Feeding Soils: A Climate Change Solution

By Sara Jo Dickens, PhD., Ecology Bridge LLC

With carbon dioxide, methane and other greenhouse gasses on the rise, reduced carbon emissions won’t be enough to address climate change. We need to pull carbon rich greenhouse gasses from the air and put carbon back into the ground through carbon sequestration. Carbon sequestration captures carbon dioxide from the air through photosynthesis and stores it in plants and soils. Soils are the largest potential carbon sinks on the planet, however, sixty to eighty percent of the world’s soil carbon stores have been lost in the last 150 years.

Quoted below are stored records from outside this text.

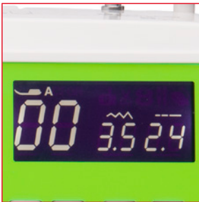
Backlit LCD Screen with 50 Built-in Stitch Options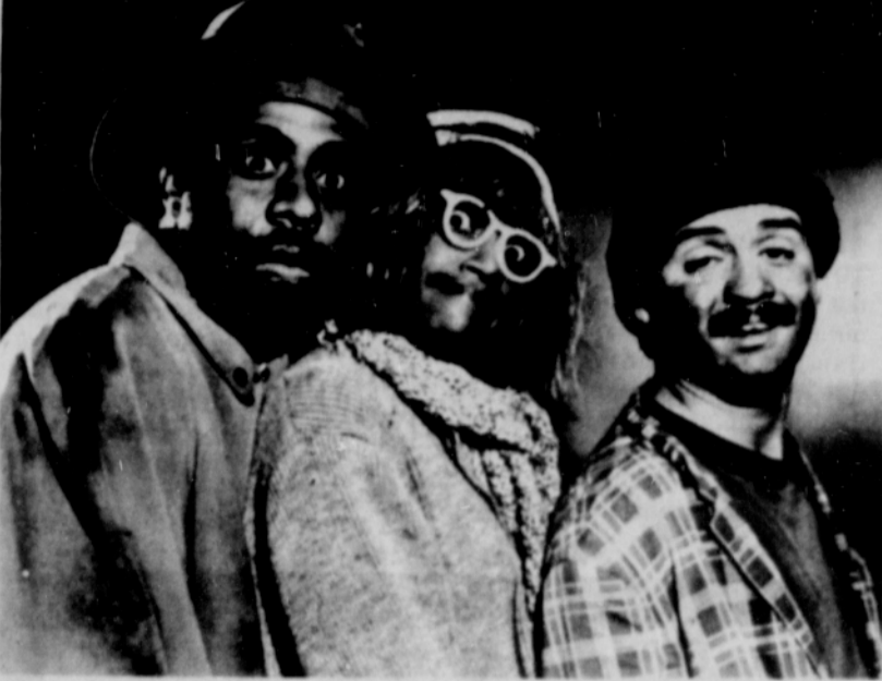
WOULD YOU TRUST THE FUTURE OF THE PLANET TO THESE THREE? Sedro (aka FACTWINO), his buddy, Buddy (center), and the Spirit of Information (right) take on the mightiest foe of them all, ARMAGEDDON-MAN!!!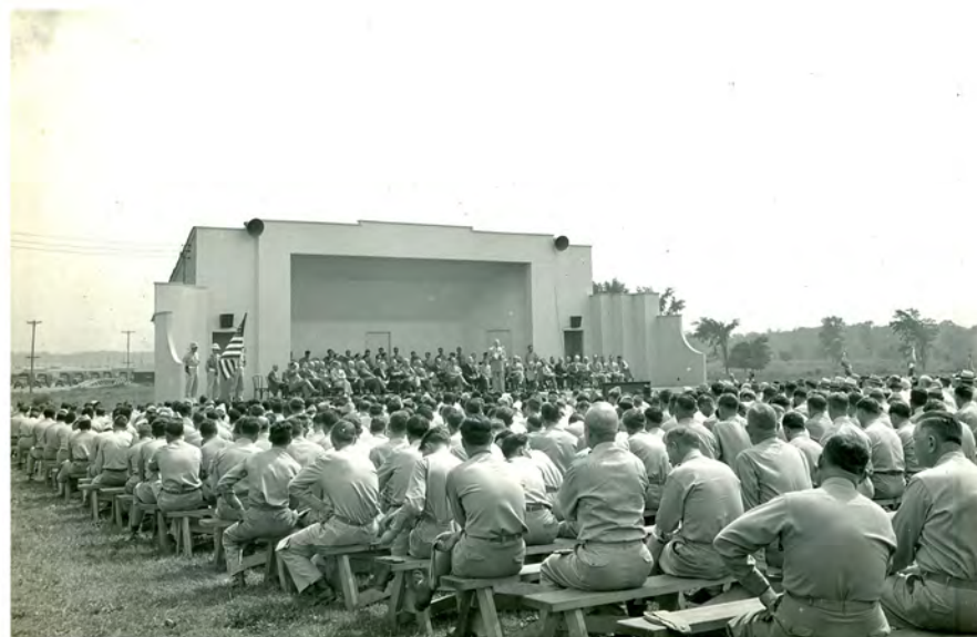
Amphitheater South Side of 10th Street (near the bottom) between Arlington Drive & Route 18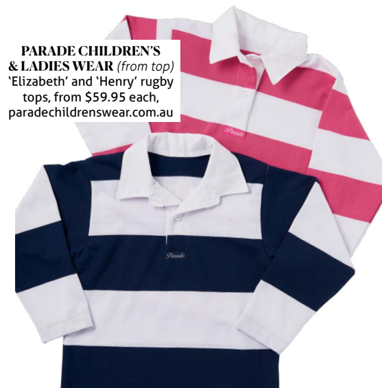
PARADE CHILDREN'S & LADIES WEAR (from top) 'Elizabeth' and 'Henry' rugby tops, from $59.95 each, paradechildrenswear.com.au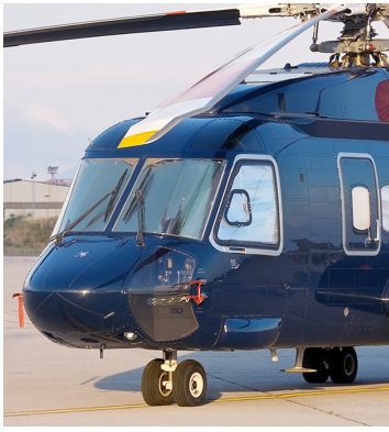
Sikorsky S-92 Cockpit HeatShields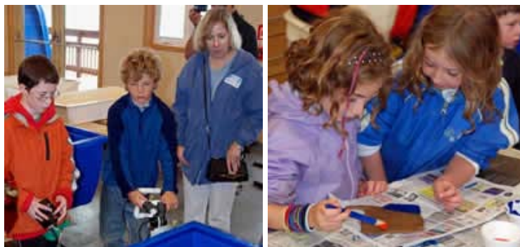
Kids had a great time too!

Having a Laboratory of this caliber within eight miles of Seldovia should be a boon to all. They have educational classes and different research projects which could prove valuable to our citizenry. There are new dormitories, and the chance to work both in wet and dry laboratories as well as the surrounding waters. The Laboratory works with partners to host classes for school kids, as well as undergraduate and graduate students and is looking to increase educational opportunities for students from Seldovia and the other local communities. Students would take advantage of the proximity of this great resource, and utilize the opportunity to gain knowledge about our marine environment.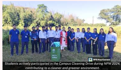
Students actively participated in the Campus Cleaning Drive during NPW 2024, contributing to a cleaner and greener environment.

The 63rd National Pharmacy Week not only emphasized the pivotal role of pharmacy in healthcare but also inspired students to actively engage with the community and environment. The events provided a platform for students to demonstrate their creativity, innovation, and teamwork while reinforcing the values of social responsibility and environmental consciousness. The week concluded with a prize distribution ceremony, where the winners of the various competitions were recognized and applauded for their outstanding contributions.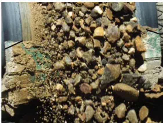
Fig. 1: Typical primary belt cleaner installation. In this picture you also find trim marks for the blade (see below).

In today's mining industry optimized productivity is of paramount importance also in the field of material conveying. This requires belts with clean and undamaged surface. Following please find five points to ponder with regard to belt cleaners.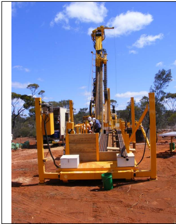
Diamond drilling rig on site at Lignum Dam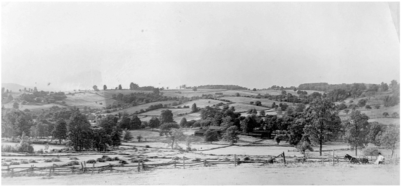
1924 - The horse and buggy in the bottom right of the photo is heading along Warner Road towards Christian Street. Hay fields are in the foreground with Hat Shop Hill and Second Hill visible in the distance.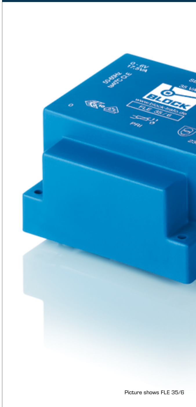
Picture shows FLE 35/6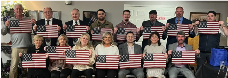
Congratulations New Elks!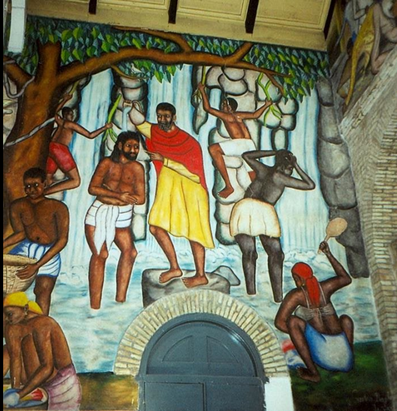
Baptism of Christ Castera Bazile Cathedral of the Holy Trinity Port-au-Prince, Haiti

To restore this lost soil carbon, researchers and ranchers are exploring carbon sequestration through holistic/high intensity rotational grazing. This practice uses higher numbers of livestock on small sections of land for short time periods. Rapid movement of livestock evenly grazes plants, leaves hoof imprints that capture rainwater, breaks down and pushes uneaten plant parts and seeds into the ground where nutrient cycling is increases and seeds can germinate and livestock waste returns nutrients to the ground. These changes drive greater plant diversity and soil microbe activity (the fungi, bacteria and soil critters that cycle nutrients) and increased soil carbon, nutrient concentrations and water holding capacity. Researchers estimate global soil restoration could sequester a third of global carbon emissions annually. Livestock are just one answer.

DYI: While livestock aren’t in every  backyard, we can find alternative ways to increase soil carbon. Mow or weed whip yards, evenly cutting plants, leaving clippings in place. Add compost to feed the soils, reduce water and fertilizer needs and increase soil carbon.  Whether we’re a farm, business or individual, we can be creative with ways to sequester carbon.